I wad up the tissue in my fist, my tears dried up by anger for now. “Explain, then.”

“When Priest went to Tomasso with the plot, your father proposed a marriage between the Revellos and the Andrianis to reunite the warring families. He knew at least half the capos in the family would side with him against Amedeo and that the family would unite stronger with blood ties. Bringing the Revello faction back into the Andriani family would neutralize Amedeo with the least amount of bloodshed and restore peace. It would also ensure that Amedeo the Animal would never become don.”

It’s a lot to take in.
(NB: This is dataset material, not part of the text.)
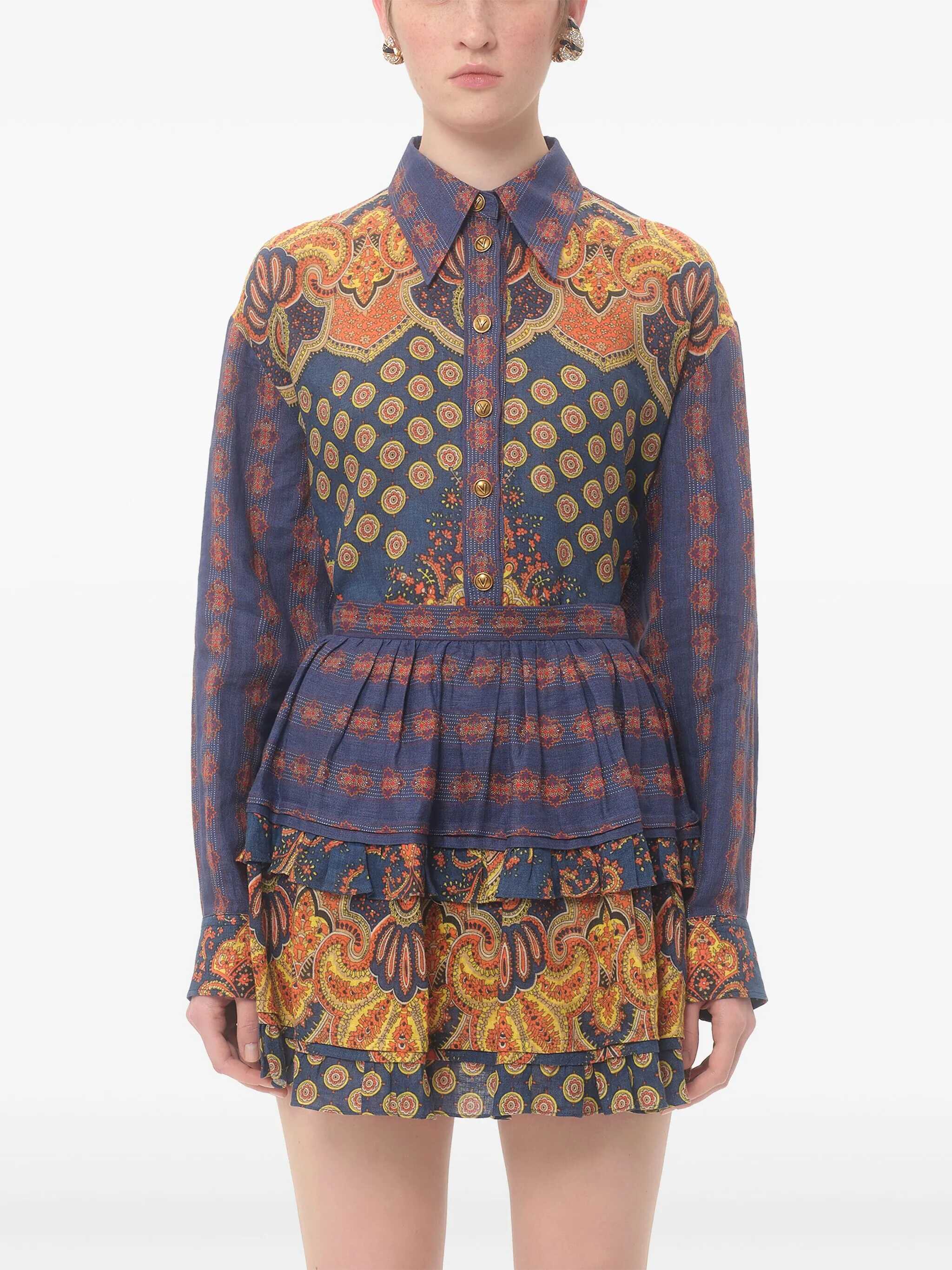 Valentino Garavani Blue Shirt, Golden V-Logo Buttons Closure On The Front, Regular Collar, Patterned, V-Logo Buttons On Cuffs, EU SIZE (IT)

Priest has shared some of this with me, but not all of it, and I wonder why he didn’t tell me this whole arranged marriage was my father’s idea.

True, Priest agreed to it. But I’ve spent all this time thinking it was the Andrianis who forced my father’s hand.

Who made him lie to me and lure me across the country for their own selfish gain.

The truth is, my father is the one who orchestrated this entire, fucked-up situation.